Veuve Clicquot Demi-Sec
40-45% Pinot Noir, 30-35% Meunier, 20-25% Chardonnay. Grapes from over 50 crus, all vinified separately, provide the framework for this wine. 20-30% of reserve wines. Dosage is 45g/L.
Veuve Clicquot Rich
45% Pinot Noir, 40% Meunier, 15% Chardonnay. A non-vintage champagne launched in 2015, and designed for cocktail mixology. It has a dosage of around 28g/L.
Veuve Clicquot Vintage
The Brut Vintage is made with extended ageing potential in mind. The assemblage is always Pinot Noir dominant, generally around 60-65%, with 30-35% Chardonnay and a small portion of Meunier. From the 2008 vintage onwards, around 5% of the wine is vinified in large oak casks. Dosage 8g/L.

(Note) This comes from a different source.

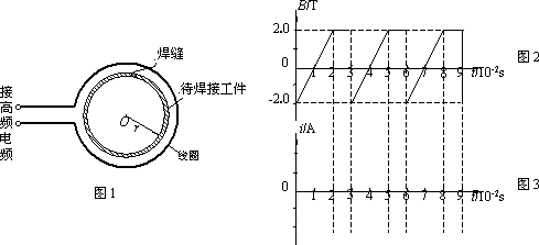 高頻焊接是一種常用的焊接方法,圖1是焊接的原理示意圖.將半徑為r=10 cm的待焊接的環(huán)形金屬工件放在線圈中,然后在線圈中通以高頻變化電流,線圈產生垂直于工件所在平面的勻強磁場,磁感應強度B隨時間t的變化規(guī)律如圖2所示,t=0時刻磁場方向垂直線圈所在平面向外.工件非焊接部分單位長度上的電阻R0=1.0×10-3 W × m-1,焊縫處的接觸電阻為工件非焊接部分電阻的9倍,焊接的縫寬非常小,不計溫度變化對電阻的影響.

Veuve Clicquot Rose Vintage
The Rose Vintage is commercially very significant at Veuve Clicquot. It accounts for around 30% of all their vintage champagnes sold. As with the blanc vintage, it is Pinot Noir dominant. Still red wine from Bouzy comprises around 15% of the final blend. Dosage 8g/L.
Veuve Clicquot La Grande Dame
60-65% Pinot Noir, 35-40% Chardonnay from eight Grand Cru villages: Ambonnay, Avize, Ay, Bouzy, Le-Mesnil-sur-Oger, Oger, Verzenay and Verzy. Named in commemoration of the famous widow behind Veuve Clicquot, Nicole Barbe Ponsardin Clicquot. This wine was first made in 1962 and launched a decade later on the 200th anniversary of the founding of the house.
Veuve Clicquot La Grande Dame Rose
A rose version of the La Grande Dame, blended with red wine from the Clos Colin in Bouzy, first created in 1988 and released in 1996.
Veuve Clicquot Vintage Rich
Formerly called Rich Reserve. First created in 1988 and launched in 1995, this is a vintage wine made in a sec style, with approximately 28g/L dosage.
Veuve Clicquot Rare Vintage
Approximately 2/3 Pinot Noir, 1/3 Chardonnay. This wine is a blend of fruit from around 20 Grand and Premier Crus, and is released considerably later than other vintage wines.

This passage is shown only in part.